EXERCISE: Lines below starting with the line with "125 x 41 mm" and going on through the line with "Obsahuje lehký dřevěný" must be output exactly; the rest of the records must be left out.

MATERIAL FOR THIS TASK:

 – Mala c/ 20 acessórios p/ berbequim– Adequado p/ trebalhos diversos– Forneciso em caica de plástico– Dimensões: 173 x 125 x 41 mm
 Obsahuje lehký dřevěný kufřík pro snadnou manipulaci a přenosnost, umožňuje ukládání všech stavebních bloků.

...

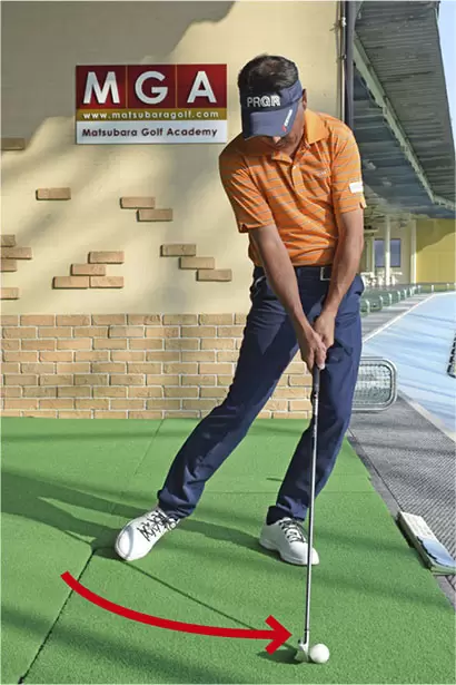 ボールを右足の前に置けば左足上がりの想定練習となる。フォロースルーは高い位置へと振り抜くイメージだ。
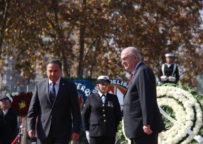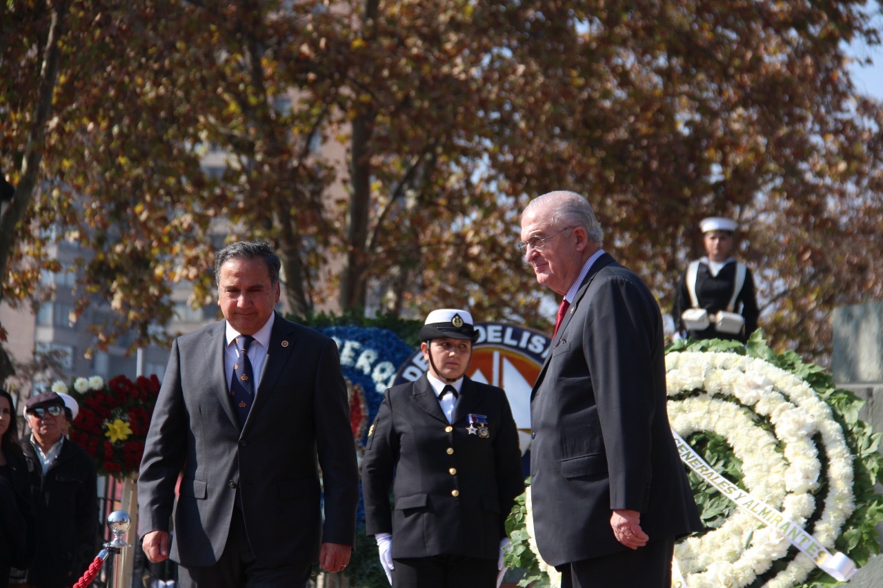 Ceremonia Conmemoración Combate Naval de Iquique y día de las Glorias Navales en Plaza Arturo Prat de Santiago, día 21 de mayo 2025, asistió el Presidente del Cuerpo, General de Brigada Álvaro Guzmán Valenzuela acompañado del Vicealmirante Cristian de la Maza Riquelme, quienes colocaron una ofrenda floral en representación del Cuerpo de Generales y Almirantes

EXERCISE ANSWER:
 – Mala c/ 20 acessórios p/ berbequim– Adequado p/ trebalhos diversos– Forneciso em caica de plástico– Dimensões: 173 x 125 x 41 mm
 Obsahuje lehký dřevěný kufřík pro snadnou manipulaci a přenosnost, umožňuje ukládání všech stavebních bloků.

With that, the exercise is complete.